→ **Data records**:
·····
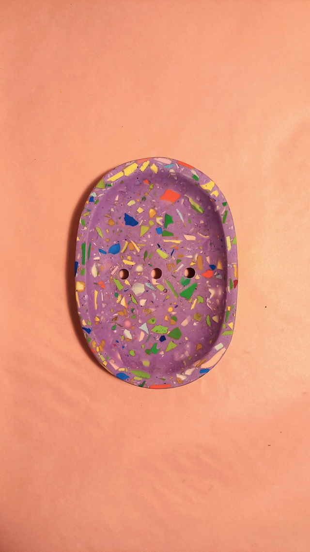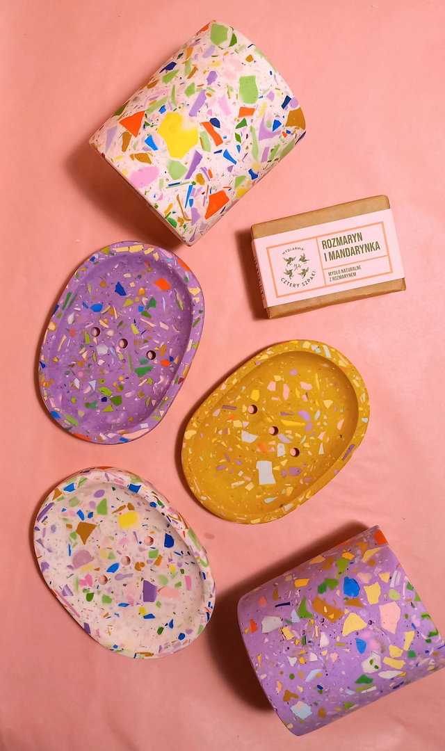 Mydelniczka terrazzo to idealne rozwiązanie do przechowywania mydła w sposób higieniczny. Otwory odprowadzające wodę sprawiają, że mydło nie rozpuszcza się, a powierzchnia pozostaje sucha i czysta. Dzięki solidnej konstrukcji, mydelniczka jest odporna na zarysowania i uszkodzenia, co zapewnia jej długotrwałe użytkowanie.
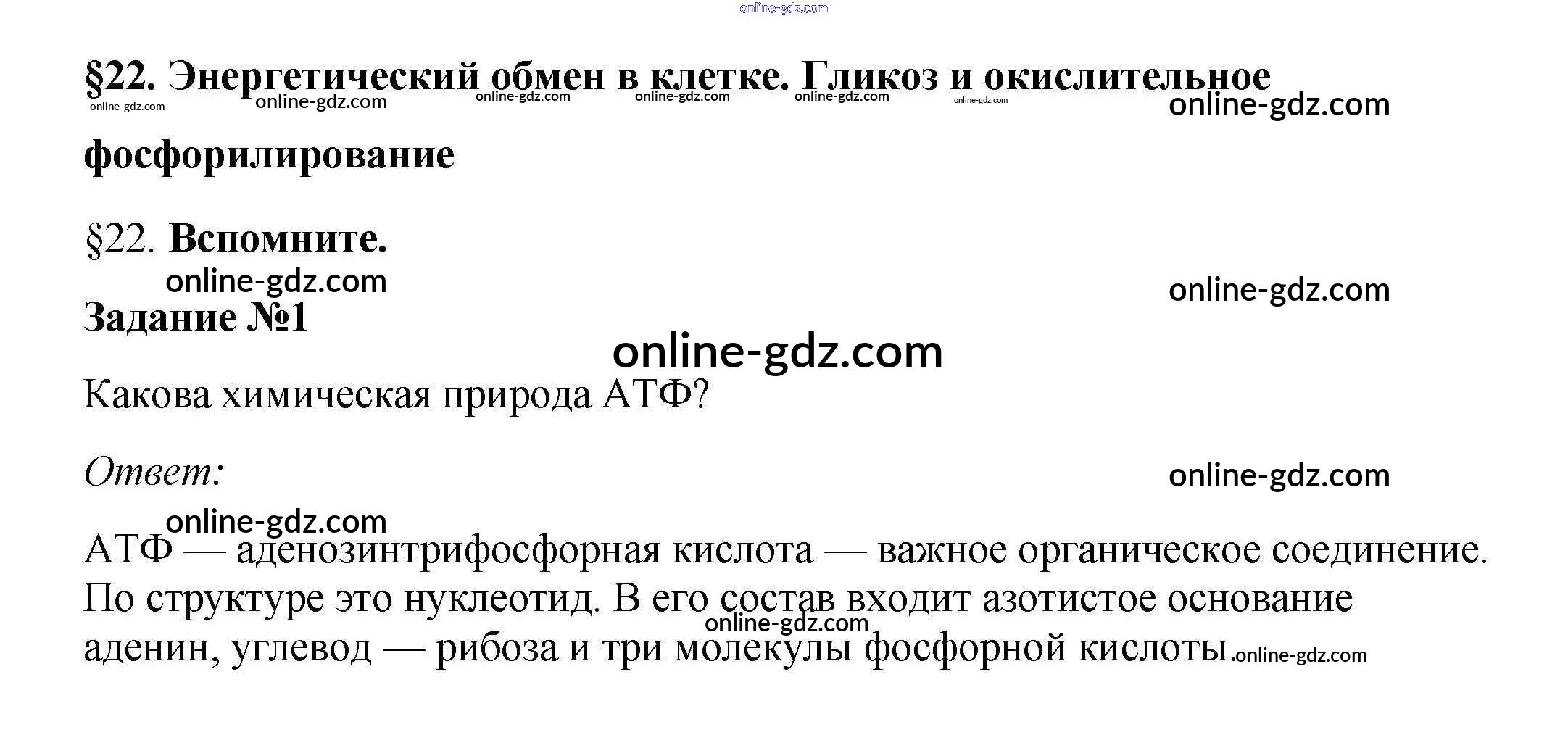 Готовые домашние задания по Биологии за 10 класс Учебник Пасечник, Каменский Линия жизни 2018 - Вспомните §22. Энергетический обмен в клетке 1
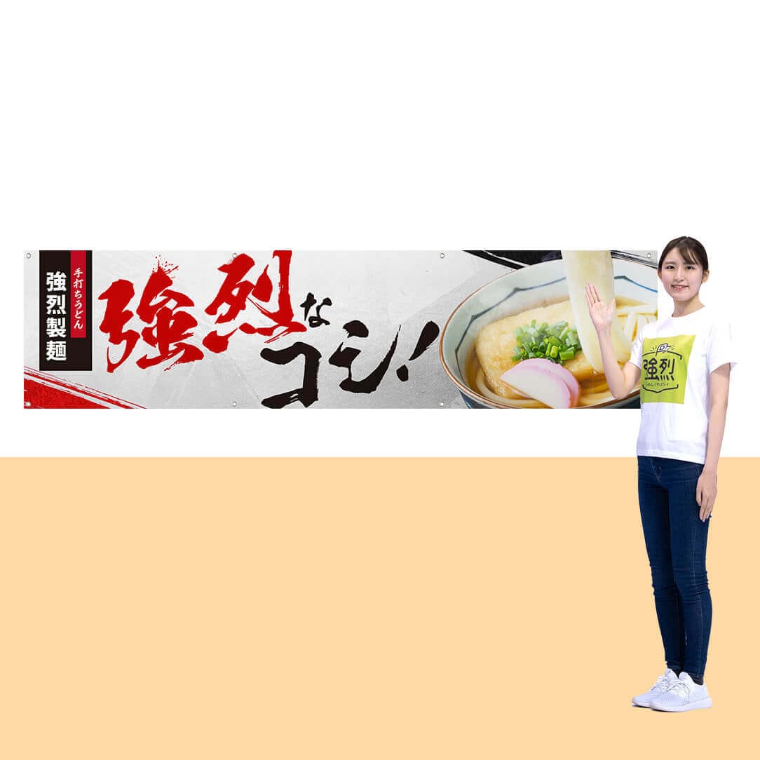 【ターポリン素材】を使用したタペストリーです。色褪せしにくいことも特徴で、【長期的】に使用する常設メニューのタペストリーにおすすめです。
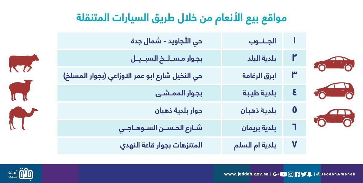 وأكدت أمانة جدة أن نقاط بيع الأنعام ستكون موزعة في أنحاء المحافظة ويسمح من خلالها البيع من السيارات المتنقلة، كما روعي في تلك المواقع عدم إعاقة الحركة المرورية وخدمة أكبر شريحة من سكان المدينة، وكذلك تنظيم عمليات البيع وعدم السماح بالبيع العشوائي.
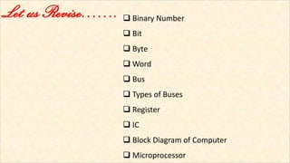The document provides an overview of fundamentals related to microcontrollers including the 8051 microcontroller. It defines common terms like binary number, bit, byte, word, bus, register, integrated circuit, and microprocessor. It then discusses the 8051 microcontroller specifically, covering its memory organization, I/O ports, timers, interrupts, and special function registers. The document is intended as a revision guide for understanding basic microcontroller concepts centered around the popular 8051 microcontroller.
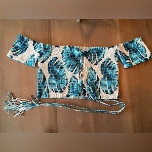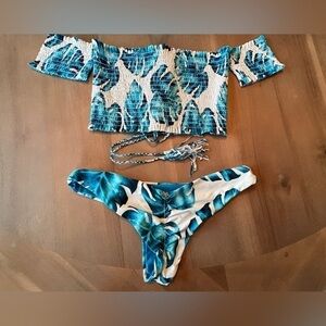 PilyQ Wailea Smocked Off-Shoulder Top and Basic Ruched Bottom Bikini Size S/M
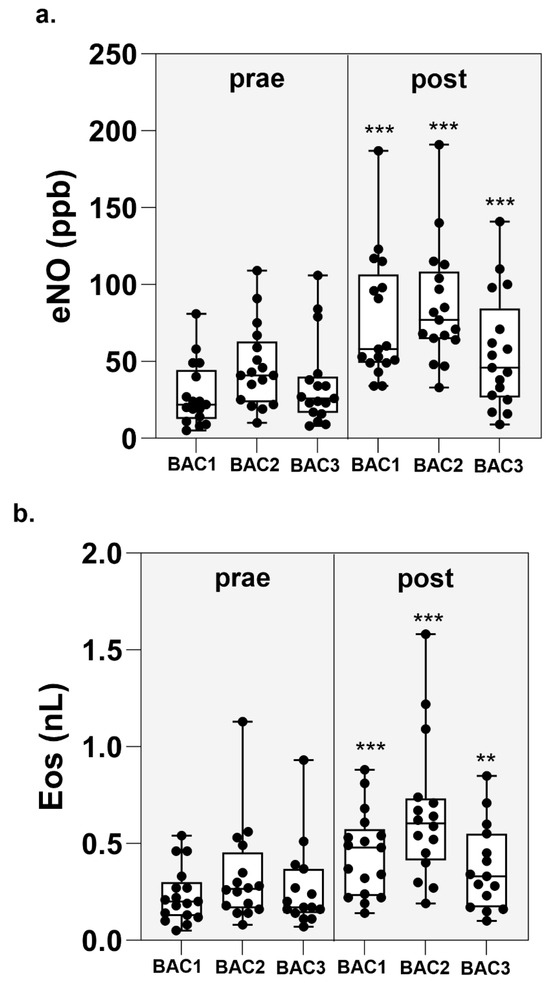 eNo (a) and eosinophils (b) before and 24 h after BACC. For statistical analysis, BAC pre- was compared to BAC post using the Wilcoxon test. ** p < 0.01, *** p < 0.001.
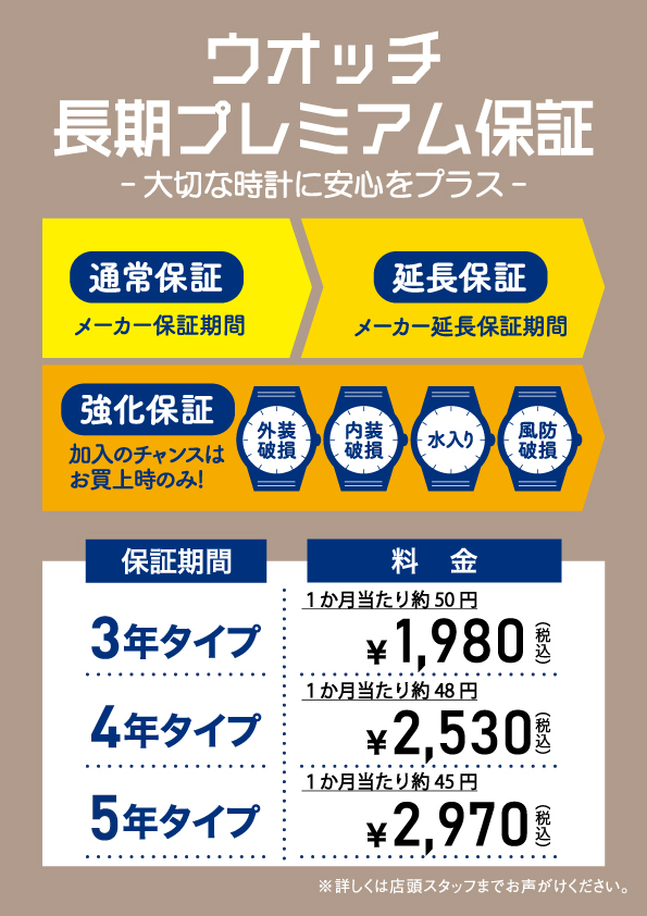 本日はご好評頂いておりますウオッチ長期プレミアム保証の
·····
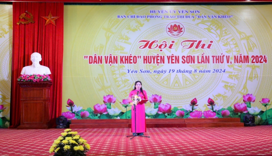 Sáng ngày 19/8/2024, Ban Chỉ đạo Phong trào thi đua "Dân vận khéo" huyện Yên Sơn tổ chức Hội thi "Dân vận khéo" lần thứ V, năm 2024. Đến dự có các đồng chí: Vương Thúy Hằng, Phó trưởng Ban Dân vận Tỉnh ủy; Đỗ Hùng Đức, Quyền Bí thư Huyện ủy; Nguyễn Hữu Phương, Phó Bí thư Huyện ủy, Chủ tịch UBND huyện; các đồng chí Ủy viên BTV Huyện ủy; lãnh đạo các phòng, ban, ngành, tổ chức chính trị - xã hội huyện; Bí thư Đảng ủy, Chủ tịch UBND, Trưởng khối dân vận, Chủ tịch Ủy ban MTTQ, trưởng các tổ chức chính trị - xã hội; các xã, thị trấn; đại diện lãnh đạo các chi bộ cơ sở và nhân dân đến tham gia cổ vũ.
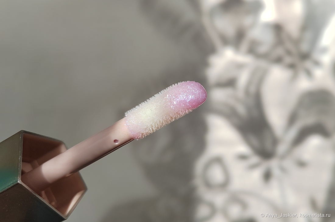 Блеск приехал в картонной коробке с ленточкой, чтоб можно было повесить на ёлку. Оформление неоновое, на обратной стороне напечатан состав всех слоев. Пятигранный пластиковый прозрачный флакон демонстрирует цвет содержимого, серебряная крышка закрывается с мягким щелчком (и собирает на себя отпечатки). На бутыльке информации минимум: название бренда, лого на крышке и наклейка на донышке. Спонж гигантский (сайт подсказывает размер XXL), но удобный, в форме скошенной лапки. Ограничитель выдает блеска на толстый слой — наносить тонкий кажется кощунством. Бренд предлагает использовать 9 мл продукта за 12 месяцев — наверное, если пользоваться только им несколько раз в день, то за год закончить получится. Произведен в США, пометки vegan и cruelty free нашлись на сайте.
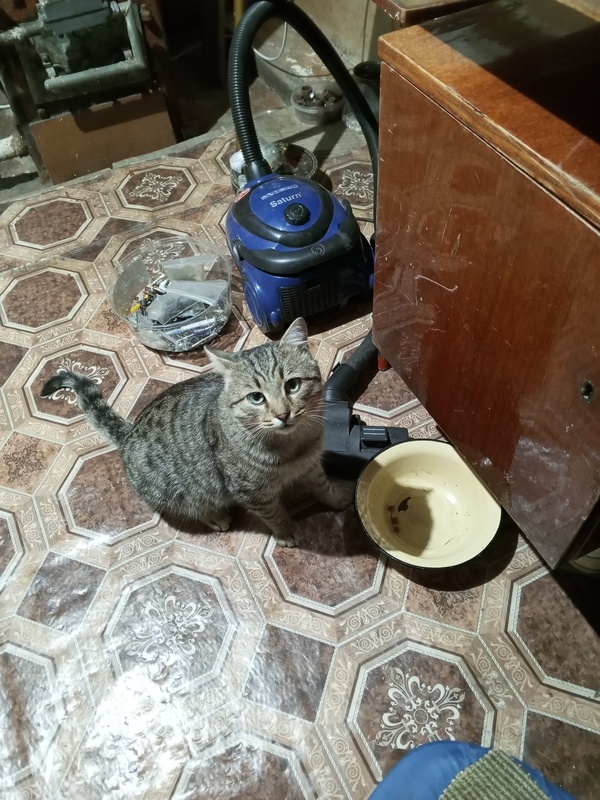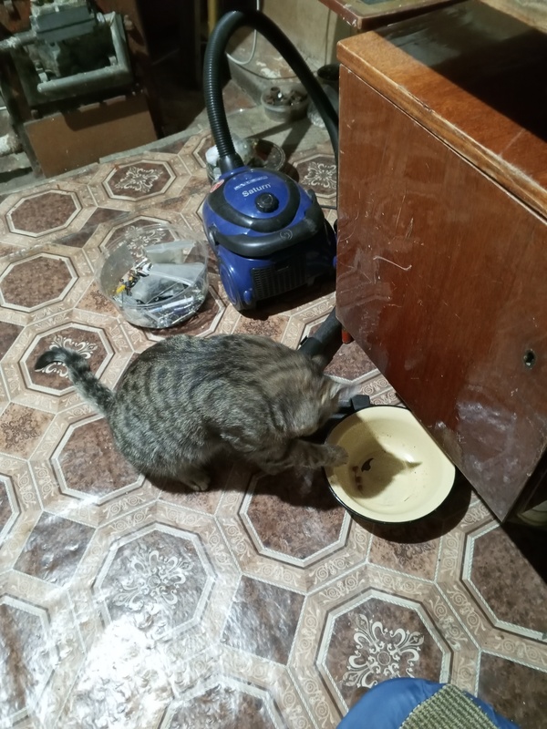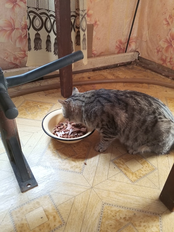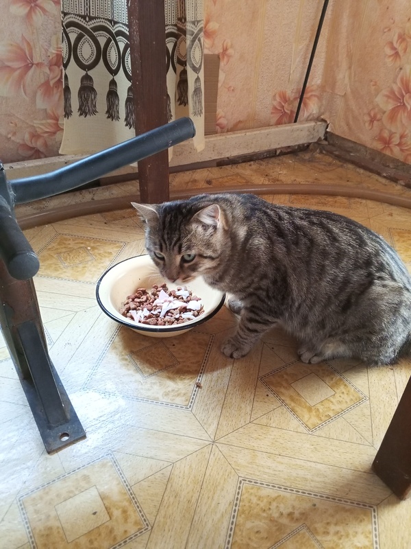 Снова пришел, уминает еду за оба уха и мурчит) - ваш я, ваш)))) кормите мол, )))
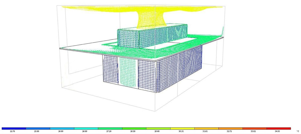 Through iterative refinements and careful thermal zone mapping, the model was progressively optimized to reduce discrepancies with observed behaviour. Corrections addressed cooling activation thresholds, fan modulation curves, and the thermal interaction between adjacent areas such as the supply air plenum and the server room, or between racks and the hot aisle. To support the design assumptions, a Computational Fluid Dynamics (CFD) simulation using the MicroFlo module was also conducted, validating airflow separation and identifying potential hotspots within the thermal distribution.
·····
→ **Task instructions**: Write back word for word every line in the entries above from the one with "Блеск приехал в" to the one with "Снова пришел, уминает", ends included, and none of the pictures.

→ **Solved problem**:
 Блеск приехал в картонной коробке с ленточкой, чтоб можно было повесить на ёлку. Оформление неоновое, на обратной стороне напечатан состав всех слоев. Пятигранный пластиковый прозрачный флакон демонстрирует цвет содержимого, серебряная крышка закрывается с мягким щелчком (и собирает на себя отпечатки). На бутыльке информации минимум: название бренда, лого на крышке и наклейка на донышке. Спонж гигантский (сайт подсказывает размер XXL), но удобный, в форме скошенной лапки. Ограничитель выдает блеска на толстый слой — наносить тонкий кажется кощунством. Бренд предлагает использовать 9 мл продукта за 12 месяцев — наверное, если пользоваться только им несколько раз в день, то за год закончить получится. Произведен в США, пометки vegan и cruelty free нашлись на сайте.
 Снова пришел, уминает еду за оба уха и мурчит) - ваш я, ваш)))) кормите мол, )))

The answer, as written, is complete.